Simply, those securities/assets which many of us think are with the big banks for the Nigerian people to support the Naira are technically gone since the nation has no capacity to pay back those $billions in the short term. The implication is clear: Moody’s, Fitch and S&P will likely hammer Nigeria’s credit rating, jacking up the cost of future borrowing. That will trigger a vicious circle in the national economic sphere: ‘Mr Shonubi (acting governor of Central Bank of Nigeria), who briefed journalists after the meeting at the State House Abuja, blamed speculators for the current exchange rate, saying the president is “very concerned” about the situation.’

My conclusion is simple: the government will give up on either/both of fuel subsidies removal and Naira floating, until it can deal with the foreign reserve mess. If you are taking positions against the Naira, you may experience a huge shock because it could backfire big time. (Nigerians hope it goes that way).

My suggestion to the government is to become more pragmatic and forget the liturgical purity of campaign manifestos because every day matters now. Indeed, time for a practical governing reality.

Worried about the rising exchange rate of the naira to the dollar, Nigeria’s President Bola Tinubu, met with the acting governor of the central bank, Folashodun Sonubi.

At the meeting, both men discussed what “could be done to stabilize” the Nigerian currency and how to “improve the liquidity in the market.”

Mr Shonubi, who briefed journalists after the meeting at the State House Abuja, blamed speculators for the current exchange rate, saying the president is “very concerned” about the situation.

“We do not believe that the changes going on in the parallel market are driven by pure economic demand and supply but are topped by speculative demand from people,” he said.

The bank chief said he briefed the Nigerian leader on some of the plans to address the challenge.

Of course, reversing either or both policies will not deliver the long-term economic redesign Nigeria expects.  Our long-term plan to stabilize the Naira will involve improving productivity and overall innovation systems in the nation.

Comment on Feed

Comment 1: Ndubuisi Ekekwe I begin to wonder if our brains are in sync Sir. I already felt that this will happen pretty soon because the government may be overwhelmed when they keep trying to get out of this new challenge imposed by the Naira and fuel subsidy experiment. Dual exchange rate will come back, but that’s because they couldn’t figure out a quick solution to the Naira crisis, however the policy is a very bad one which may slow down Nigeria’s economic growth drastically.

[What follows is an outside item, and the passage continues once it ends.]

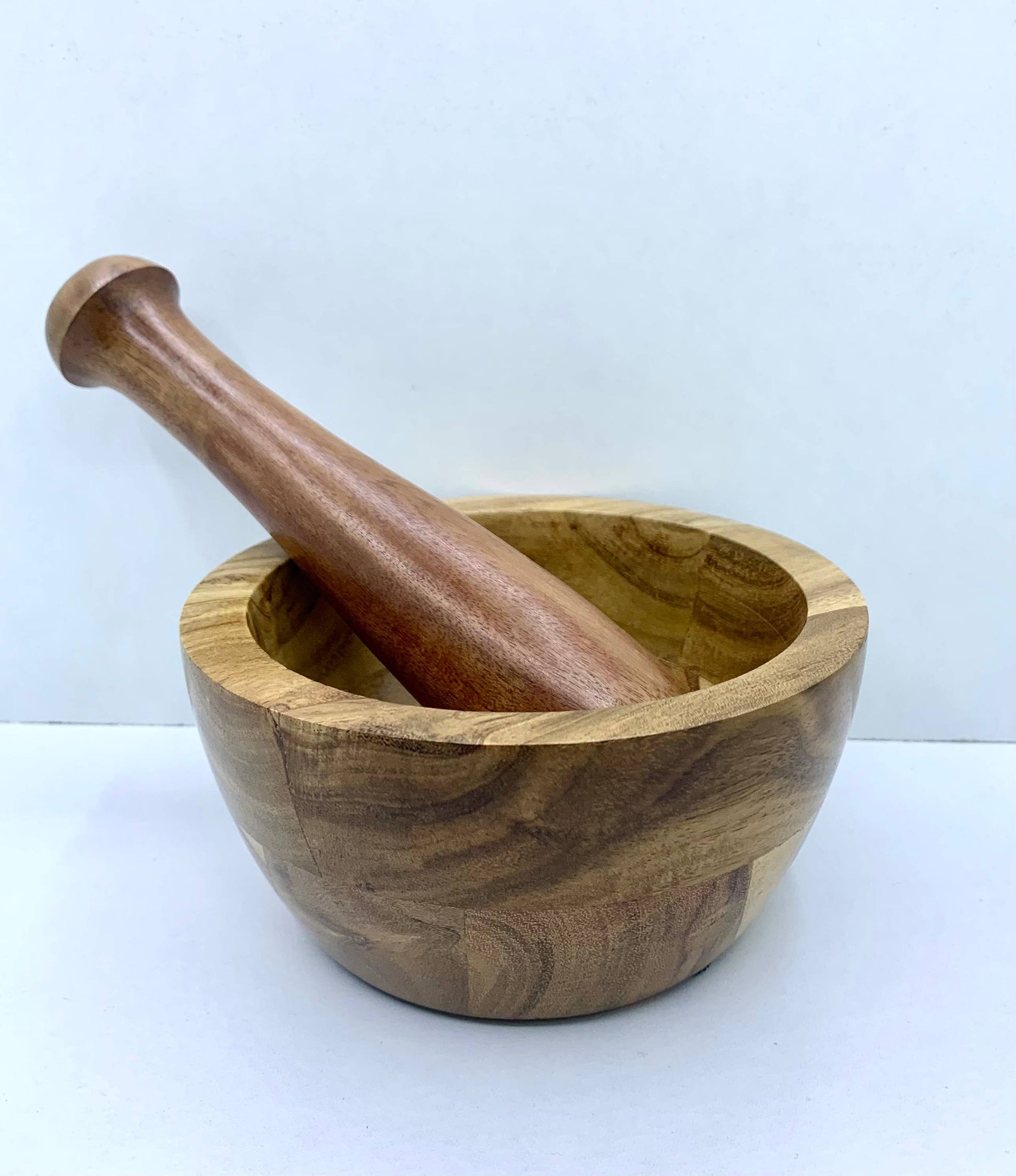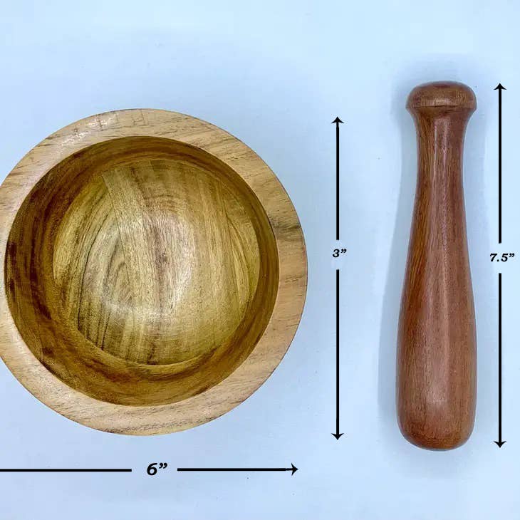 The pestle - 7" Bowl outer Diameter: 7" Height: 2.5 to 3 inches Depth: 2 to 2.5 inches CARE INSTRUCTIONS: Washing And Drying Hand wash with warm water and mild detergent/liquid wash. Rinse with warm water. Never soak your wooden utensils in water to avert swelling and peeling. After washing, dry them immediately. Hang them to dry, or wipe away the moisture with a towel

On the other hand fuel subsidy total removal is not good for the masses and our economy in general. It should be subsidized to at least 20 to 30% while a serious working government will make our refineries to start working so as to be on the net positive on the oil trades.

Finally, if Nigeria thinks well and grows well, it is odd promoting oil produces, especially petrol because I expect a right thinking economist to build around non-fossil clean energy for adoption in transportation and power generation. This is 2023, we are supposed to outgrow this era into something more juicy and environment friendly, but am sure this hypothesis does not go down well with some strongholds or perhaps cartels that does not want oil to lose its power for a long long time.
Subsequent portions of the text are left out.